Roundhill Memory ETF Passes $25B And Overtakes South Korea Fund EWY


The Roundhill Memory ETF has surpassed $25 billion in assets less than four months after launch, overtaking the iShares MSCI South Korea ETF as investor demand concentrates around memory-chip stocks.

DRAM began trading on April 2 as the first U.S.-listed ETF focused exclusively on memory and data-storage companies. The fund pulled in nearly $10 billion during June, lifting assets to $25.53 billion at month-end. Net inflows reached almost $20 billion through June and moved above $21 billion in early July.

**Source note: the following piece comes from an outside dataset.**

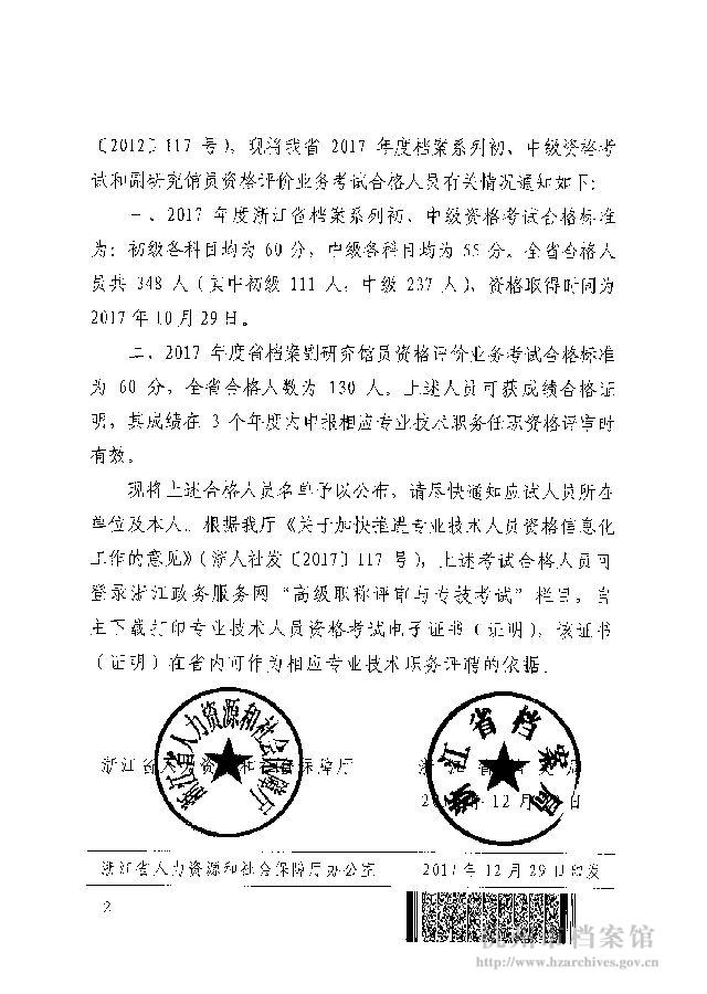 关于公布2017年度档案系列初、中级资格考试及副研究馆员资格评价业务考试合格人员名单的通知

The iShares MSCI South Korea ETF held approximately $21.85 billion in net assets on July 10. EWY launched in May 2000 and had served as one of the most liquid U.S.-listed routes into Samsung Electronics, SK Hynix and the wider South Korean equity market.

DRAM traded at $63.04 on Friday after gaining 166% between its April debut and the end of June. EWY closed at $183.52 and remained up more than 85% in 2026 despite falling behind the younger fund in total assets.

Investors Shift From Korea Exposure To Memory Stocks

EWY had attracted roughly $6 billion during 2026 before DRAM entered the market. The South Korea fund then recorded about $2 billion in outflows as DRAM absorbed approximately $22 billion in new capital.

The two portfolios retain about 46% overlap in underlying holdings, with Samsung and SK Hynix driving much of the shared exposure. DRAM removes most of EWY’s banks, automakers, internet companies and industrial groups, replacing the single-country structure with a concentrated global memory portfolio.

Roundhill’s fund also holds Micron Technology, SanDisk, Kioxia, Western Digital and other storage companies positioned around high-bandwidth memory, DRAM, NAND flash and data-center demand. The actively managed fund charges a 0.65% annual expense ratio.

The asset surge follows a historic rally across the sector. Micron briefly reached a $1 trillion market value, while Nvidia and SK Hynix signed a multiyear AI memory partnership covering next-generation high-bandwidth memory supply.

Three Chipmakers Dominate The Fund

Micron, Samsung and SK Hynix accounted for roughly three-quarters of DRAM’s portfolio earlier in the quarter, leaving the fund closely tied to pricing and capacity decisions across three manufacturers.

That concentration has produced sharp moves in both directions. Samsung and SK Hynix each fell more than 12% during the South Korean market halt in June before memory stocks resumed their advance.

DRAM traded more than 64.7 million shares on Friday, while EWY recorded volume of about 20 million shares.